‘Highly Accurate’
Telix’s Phase III ZIRCON Trial for Kidney Cancer Imaging Published in The Lancet Oncology
MELBOURNE, Australia, Sept. 11, 2024 (GLOBE NEWSWIRE) -- Telix Pharmaceuticals Limited (ASX: TLX, Telix, the Company) today announces that primary results from its Phase III ZIRCON1
trial have been published in The Lancet Oncology, reporting that Telix’s first-in-class investigational PET2 agent, TLX250-CDx (Zircaix3,
89Zr-girentuximab), is highly accurate in detecting and characterizing clear cell renal cell carcinoma (ccRCC) in patients with indeterminate renal masses (IRMs).
In this peer-reviewed manuscript, Professor Brian Shuch (University of California, Los Angeles, UCLA) and colleagues report results from this prospective, open-label, multicentre, Phase III trial in which 300 patients with an IRM ≤7cm (cT1) received TLX250-CDx. Authors conclude that TLX250-CDx “has a favorable safety profile and is a highly accurate, non-invasive imaging modality for the detection and characterization of ccRCC, which has the potential to be practice changing.”
Authors explain that small masses in the kidney are increasingly being detected incidentally when patients undergo abdominal imaging, often for other health conditions, contributing to “an era of gross overtreatment”. Diagnosis and treatment are limited by current imaging techniques, and renal mass biopsy is invasive, which can often lead to complications. Up to 30% of patients undergo unnecessary surgery, removing masses that are later determined to be benign4. If confirmed, however, ccRCC is the most common and aggressive form of kidney cancer, and delays in diagnosis can significantly reduce survival rates.

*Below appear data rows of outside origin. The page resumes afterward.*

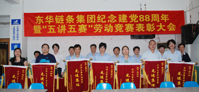 會上,總經(jīng)理張世強作了重要講話。張總說,在“七一”即將來臨之際,我們召開“紀念中國共產(chǎn)黨成立88周年暨五講五賽勞動競賽表彰大會”。首先,我代表集團領(lǐng)導(dǎo)、黨委向受表彰的先進集體和先進個人表示熱烈地祝賀,向他們表示崇高的敬意!號召全體黨員、全廠職工認真學(xué)習(xí)他們的先進事跡和崇高精神,立足崗位、艱苦奮斗,在生產(chǎn)勞動中為企業(yè)建功立業(yè),在推動?xùn)|華集團持續(xù)發(fā)展中做出更大的貢獻。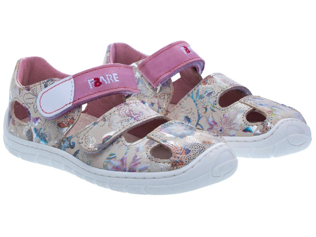 FARE BARE Dětské barefoot sandály TRIPOLIS - béžové s potiskem
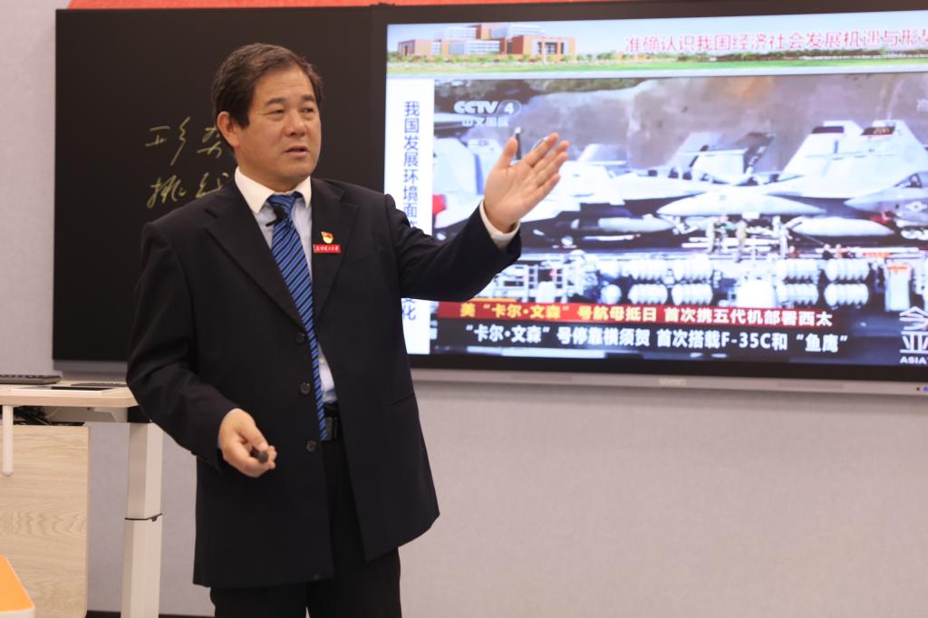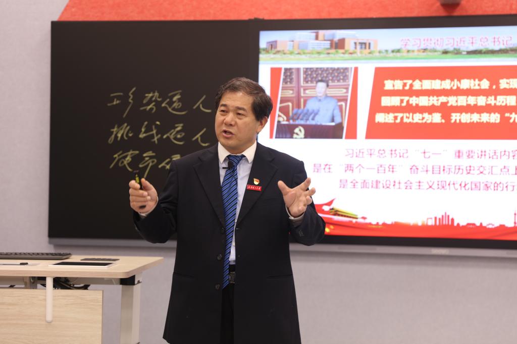 王华用丰富的史料、详实的数据,带领同学们回顾了中国共产党为人民谋幸福的百年奋斗史,深刻阐释了一百年来中国共产党团结带领中国人民创造的伟大成就。他强调,习近平总书记“七一”重要讲话,是我们党以史为鉴、开创未来的政治宣言书,是坚定我们理想信念的最好教科书,更是激励中华儿女奋进新时代、走好新征程的强大动员令。同学们一定要深入学习领会习近平总书记“七一”重要讲话提出的一系列新思想新观点新要求。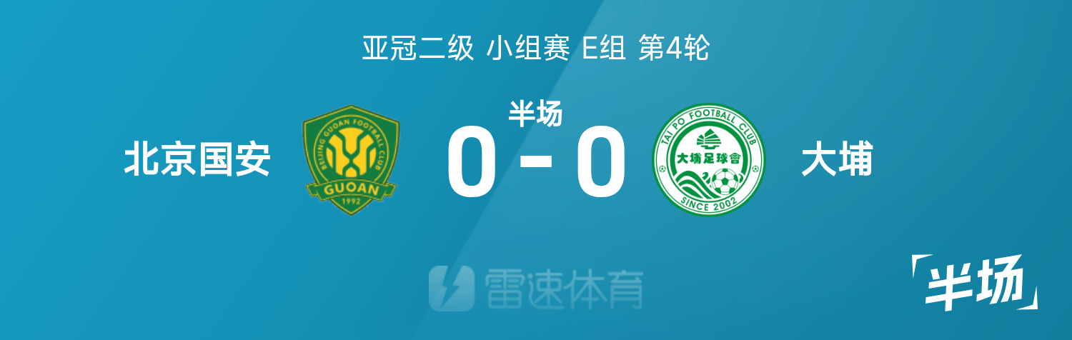 亚冠二级半场:王刚造险、张健智险送礼,国安暂0-0大埔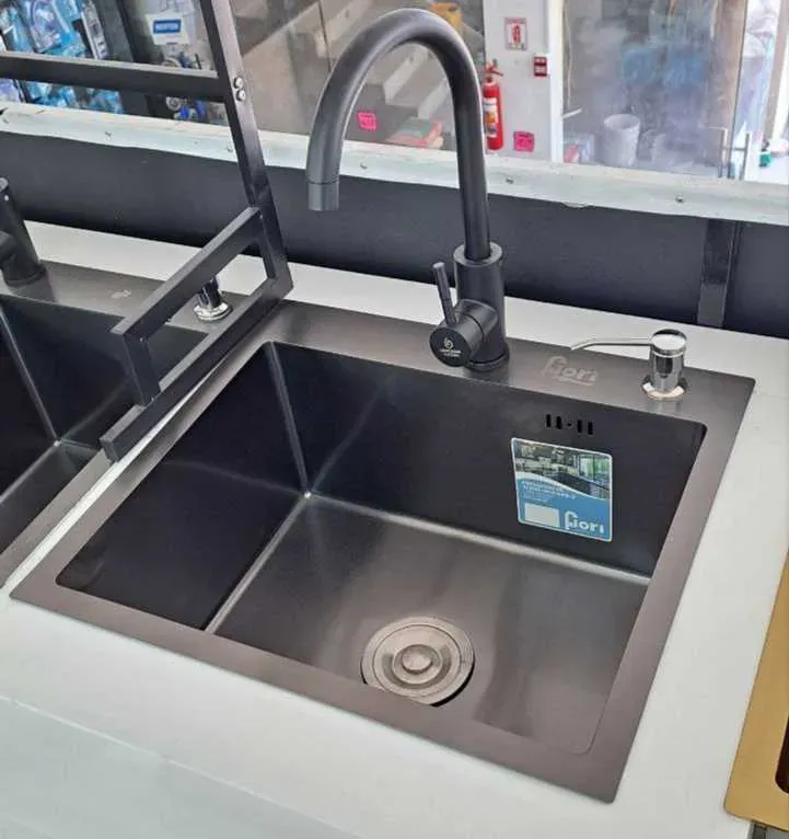 GPL0152 FIORI FREGADERO NEGRO SIMPLE EMP/BAJO C/JAB 50X45CM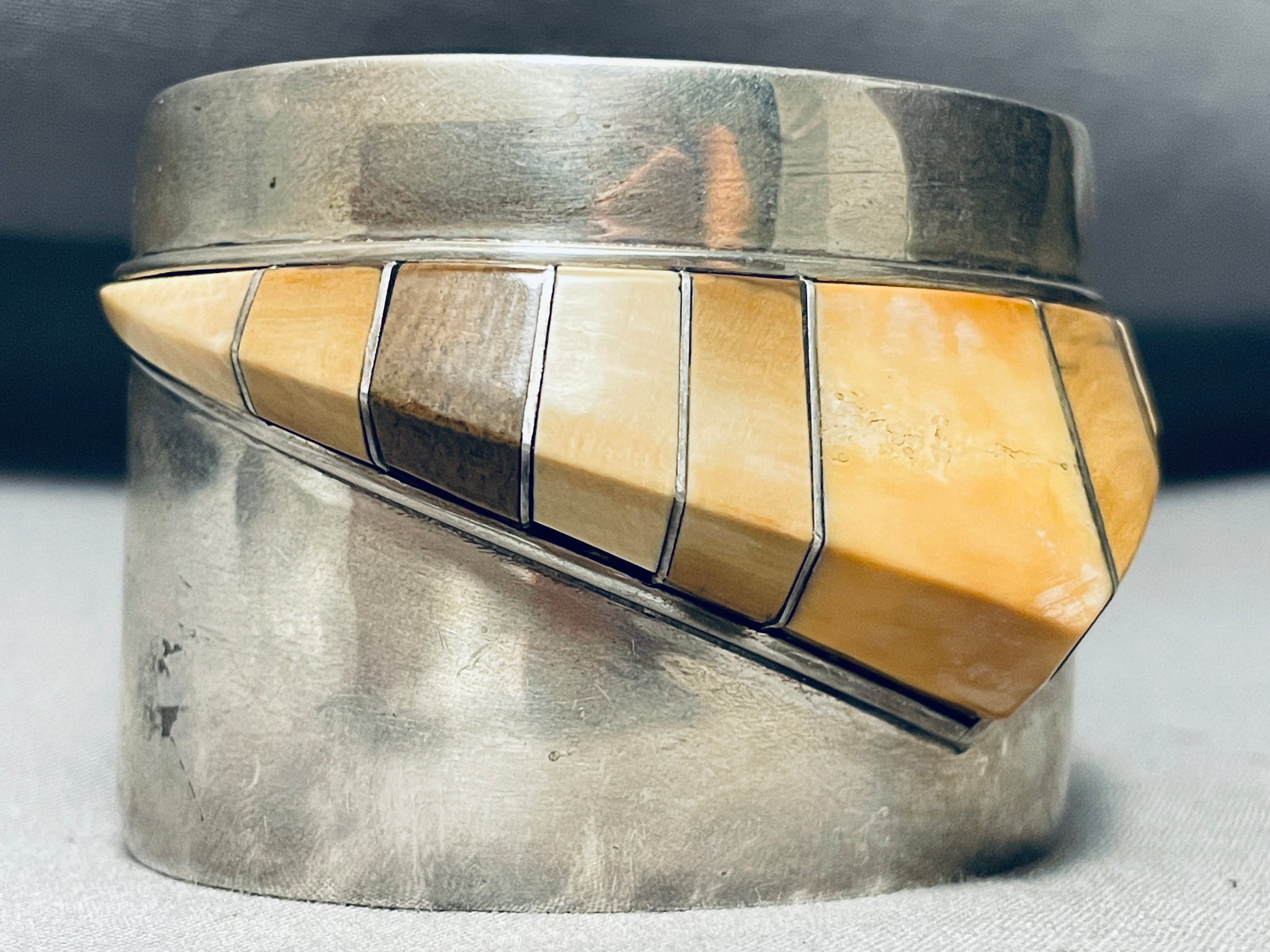 Native American Mind Boggling 3d Inlay Vintage Navajo Sterling Silver Bracelet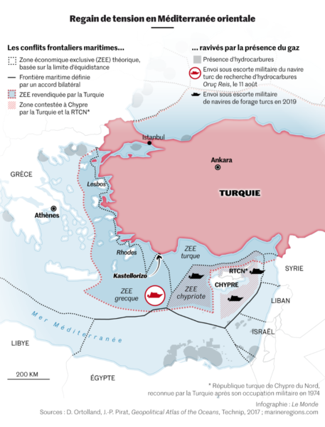 - La délimitation des frontières maritimes est un sujet épineux entre Grèce, Turquie et Chypre. La Convention des Nations Unies sur le droit de la mer (Montego Bay) distinguant eaux territoriales et ZEE ne peut pas être appliquée directement à cause de la proximité entre îles grecques et côte turque. La Turquie et la Grèce opposent leurs revendications sur les mêmes territoires maritimes depuis longtemps mais l’existence potentielle de gisements de gaz dans les eaux contestées a récemment ravivé le conflit. En outre Erdogan au pouvoir en Turquie depuis 2003 d’abord comme Premier Ministre puis comme Président de la République remet en question dans ses discours l’appartenance à la Grèce des îles proches de la côte turque, telles Lesbos, Chios, Samos ; il y a là des rodomontades dangereuses.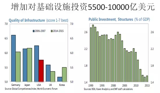 比如說基礎(chǔ)設(shè)施,大家可以看到危機以前藍的美國,危機以后美國基礎(chǔ)設(shè)施急劇下跌,美國的火車特別慢,紐約到華盛頓走三個小時,我昨天從北京到這兒高鐵兩個小時就夠了。美國國內(nèi)對基礎(chǔ)設(shè)施的投資從三十年前的占GDP的2.8%,跌到今天的1.4% ,導(dǎo)致了基礎(chǔ)設(shè)施老化下降,所以確實對基礎(chǔ)設(shè)施投資有需求。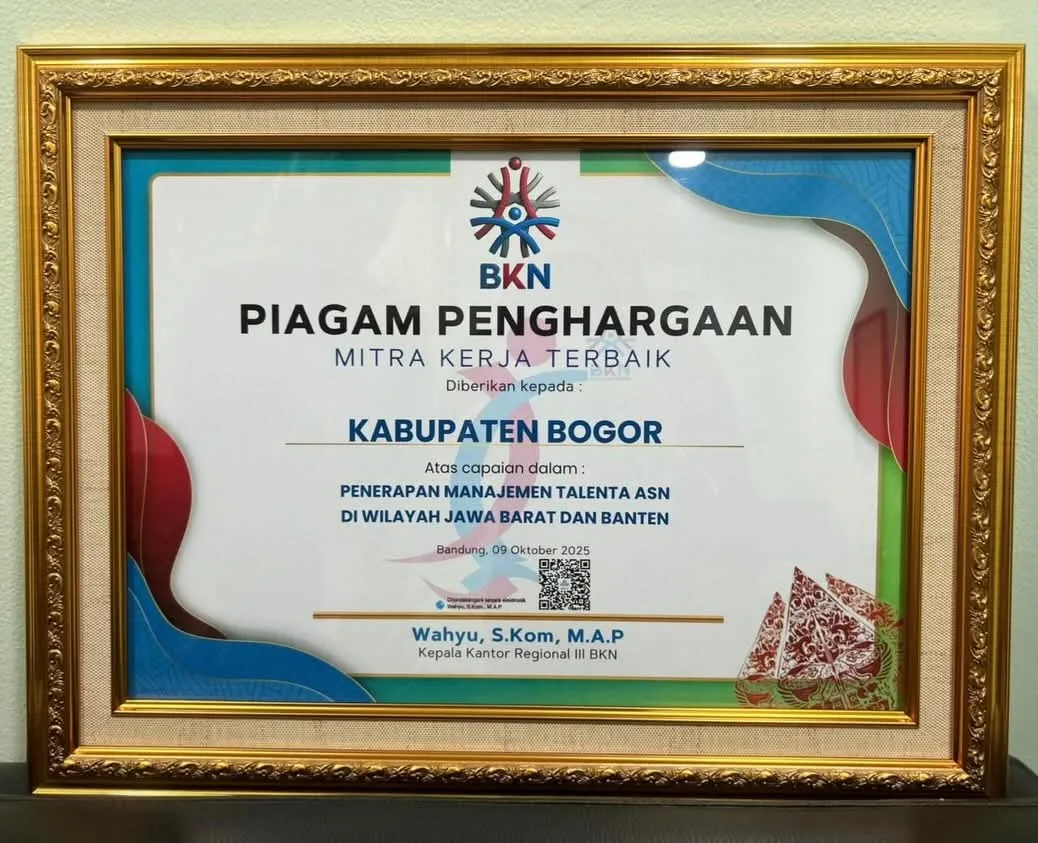 Selain itu, Kabupaten Bogor juga menerima penghargaan atas penerapan Manajemen Talenta ASN Terbaik di wilayah Jawa Barat dan Banten. Penghargaan tersebut menjadi pengakuan atas konsistensi Pemkab Bogor dalam membangun sistem pengelolaan talenta ASN berbasis merit, berorientasi pada kinerja, serta pengembangan sumber daya manusia aparatur.

Professor Brian Shuch, MD, Director of the Kidney Cancer Program and the Alvin & Carrie Meinhardt Endowed Chair in Kidney Cancer Research at UCLA Institute of Urologic Oncology, and a ZIRCON principal investigator, said, “Until now, assessing whether renal masses are cancerous has been difficult and often involves invasive surgery or percutaneous biopsy. This is because standard imaging technology – either a CT or MRI scan – cannot reliably differentiate between benign or malignant renal lesions or provide information about disease biology.
“The challenges and uncertainty in diagnosing ccRCC underscore a critical unmet need for a new, non-invasive technique that accurately detects and differentiates ccRCC from other renal masses in patients, to inform clinical decision making. The ZIRCON trial has shown that TLX250-CDx is a breakthrough technology that can address this need.”